K-pop agencies and television networks have recently been actively pursuing collaboration projects in their desperate efforts to create more fresh content.

From the cable TV channel Mnet’s new variety show “Snowball Project” to MBC’s reality show “Semobang,” the collaborations vary in theme and format but have the same purpose - practical synergetic gains.

The “Snowball Project” is the first music collaboration project between S.M. Entertainment and Mystic Entertainment. In it, Yoon Jong-shin, famous singer-songwriter and the chief producer of Mystic Entertainment, teams up with S.M.’s singer-songwriter Henry to write a new song.

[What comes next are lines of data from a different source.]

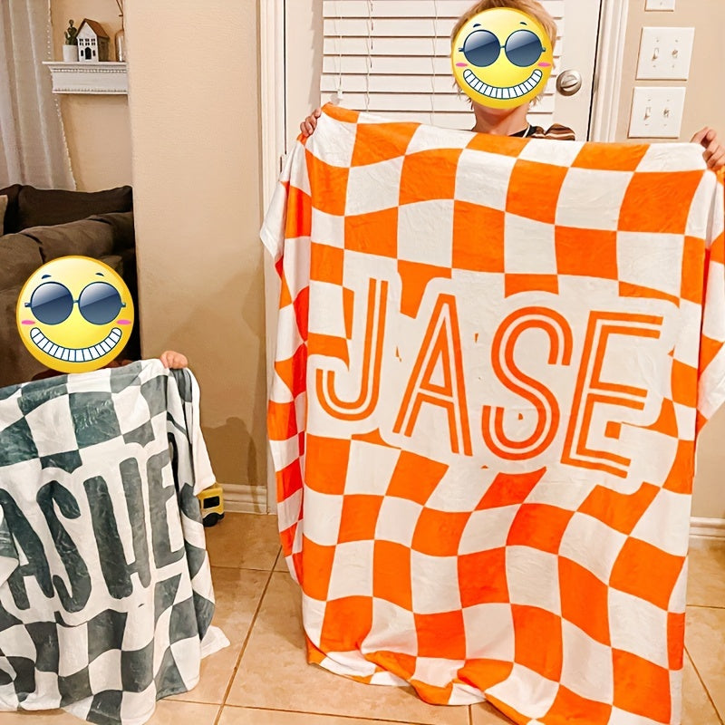 1pc Custom Blanket Vintage Striped Name Custom Blanket Soft Flannel Sofa Blanket TV Blanket Personalized Custom Blanket Exclusive Gift Blanket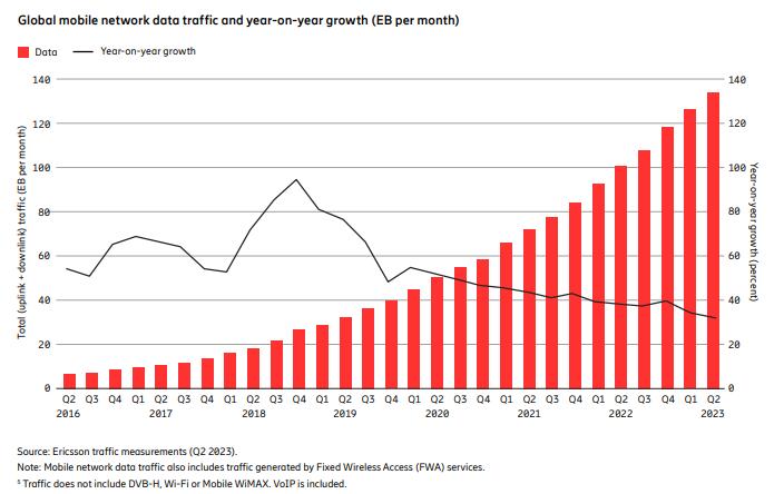 移动宽带用户数量在本季度增长了约1亿人,达到74亿人,同比增长5%。移动宽带现在占所有移动用户的88%。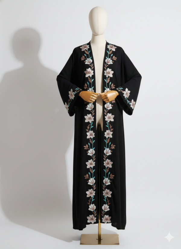 Set Includes: The abaya is paired with a matching Shela (headscarf) for a complete, coordinated look.

Mystic’s Jake Parc and Mark of S.M.’s boy band NCT 127 take part as singers.

“Collaborators should be totally different with each other,” Yoon said during a recent press conference to promote the show. “Since Mystic and S.M. are really different in their views and ways of producing, you’ll see through this experiment that the collaboration can produce a totally different feeling.”

YG Entertainment, which manages Psy and BigBang, has recently garnered attention after announcing a plan to open its new television audition show, in an attempt to mirror K-pop agencies taking advantage of the popularity of audition or singing competition programs.

“There would be limitation in producing such programs with only internal resources,” said Cho Seo-yoon, a TV producer at YG who formerly worked for the major network MBC. “I think it is a good idea to work with other entertainment agencies in perfect harmony to draw a bigger picture.”

MBC’s “Semobang,” short for the program’s original Korean title meaning “All the Broadcasting in the World” in English, even blurred the barriers between television and Internet-based programs and between local and foreign TV programs in its collaboration. In only about two months since the show’s premiere, its producers have already worked with a domestic YouTuber who runs a fishing program and the crews of Mongolia and Cambodian TV variety programs.

“There is no rank between TV broadcasters these days. Aren’t practical gains more important?” said Kim Myung-jin, who co-directs “Semobang” with Choi Min-geun. “This program also intends to introduce broadcasting programs whose content is good but is not properly known. It’s profitable in many ways.”

Many industry insiders forecast that such collaboration projects will be in vogue for the time being.

“If you start a collaborative program led by an entertainment company rather than a broadcasting station, there will be a lot of ideas and rapid progress,” said Lee Ye-ji, one of the two co-producers of “Snowball Project.”

“There will be a lot of collaborative projects between K-pop agencies in the future,” she added.